[HN Gopher] Kata Containers: Virtual Machines that feel and perf...
       ___________________________________________________________________
        
       Kata Containers: Virtual Machines that feel and perform like
       containers
        
       Author : flanked-evergl
       Score  : 112 points
       Date   : 2023-07-17 12:55 UTC (10 hours ago)
        
 (HTM) web link (katacontainers.io)
 (TXT) w3m dump (katacontainers.io)
        
       | danjc wrote:
       | Serious question - at this point why not just use actual VM's?
        
         | rcoveson wrote:
         | That's what this is. "Containers" implemented as actual VMs.
        
         | spicyusername wrote:
         | The API for containers is widely used.
        
       | revskill wrote:
       | Should i run `docker run helloworld` or use katacontainer VM to
       | output Hello world ?
        
         | flanked-evergl wrote:
         | If you install kata with https://github.com/kata-
         | containers/kata-containers/blob/main...
         | 
         | Then you just use it with:
         | 
         | docker run --runtime io.containerd.kata.v2 --rm -it hello-world
        
       | symlinkk wrote:
       | So why would you use this over regular containers? Is this for
       | people who think containers are insecure?
        
       | jitl wrote:
       | Kata used "Linux kernel Direct Access filesystem (DAX)" to
       | directly share access of the host filesystem to the guest kernel.

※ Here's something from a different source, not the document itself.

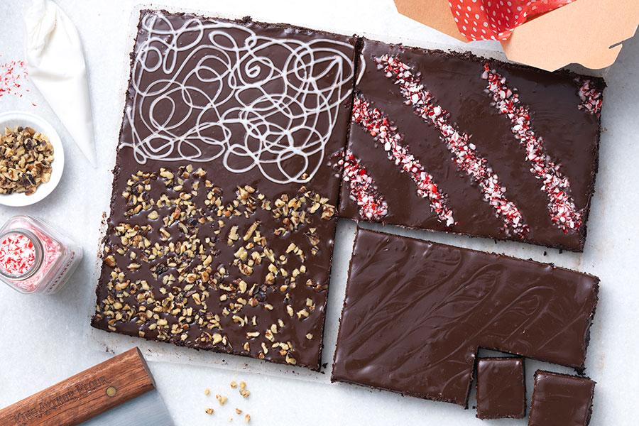 Have no fear, dear fellow baker, we are here to help. Our recipe for one big batch of brownies, baked in a half-sheet (18" x 13") pan then gilded with ganache and a variety of festive toppings, is just the thing you need to have those home-baked goods ready in a flash.

       | I thought this was pretty interesting, but it sounds like a
       | possible spot to start a jailbreak. I'm guessing these kinds of
       | optimizations along with using super simple virtualized devices
       | is what gives Kata its almost-cgroups-like performance.
       | 
       | > Mapping files using DAX provides a number of benefits over more
       | traditional VM file and device mapping mechanisms:
       | 
       | > Mapping as a direct access device allows the guest to directly
       | access the host memory pages (such as via Execute In Place
       | (XIP)), bypassing the guest kernel's page cache. This zero copy
       | provides both time and space optimizations.
       | 
       | > Mapping as a direct access device inside the VM allows pages
       | from the host to be demand loaded using page faults, rather than
       | having to make requests via a virtualized device (causing
       | expensive VM exits/hypercalls), thus providing a speed
       | optimization.
       | 
       | > Utilizing mmap(2)'s MAP_SHARED shared memory option on the host
       | allows the host to efficiently share pages.
       | 
       | From https://github.com/kata-containers/kata-
       | containers/tree/main...
        
         | insanitybit wrote:
         | Yeah, it's worth understanding the attack surface of DAX - if
         | someone has information I'd be very interested. That said, you
         | could mitigate it in other ways depending on your use case.
         | 
         | Having gone through an evaluation of Firecracker's security my
         | main conclusion was that sandboxing the processes in the guest
         | is the highest 'bang for your buck' way to reduce escapes.
        
         | hinkley wrote:
         | Would it be simple enough to stick a union file system over the
         | top of the host file system?
        
           | jitl wrote:
           | Do you mean inside the guest? I'm sure they do stuff like
           | that; they operate the normal sort of cgroups + fs mappings
           | inside the guest VM to create inner containers. Eg all the
           | containers in a Kubernetes pod run inside the same VM, but
           | different containers within the VM.
        
           | rwmj wrote:
           | virtiofs supports DAX.
        
       | zackmorris wrote:
       | I wish that someone would put up a honeypot website running
       | various containers holding a root user, where the only goal is to
       | break out of the container.
       | 
       | I suspect that nearly all containerization software is insecure.
       | Especially with timing attacks like side-channel attacks (Row
       | Hammer, etc):
       | 
       | https://en.wikipedia.org/wiki/Timing_attack
       | 
       | https://en.wikipedia.org/wiki/Side-channel_attack
       | 
       | In the end, the only way to "prove" container security is to be
       | able to point to the fact that nobody has broken out of it yet.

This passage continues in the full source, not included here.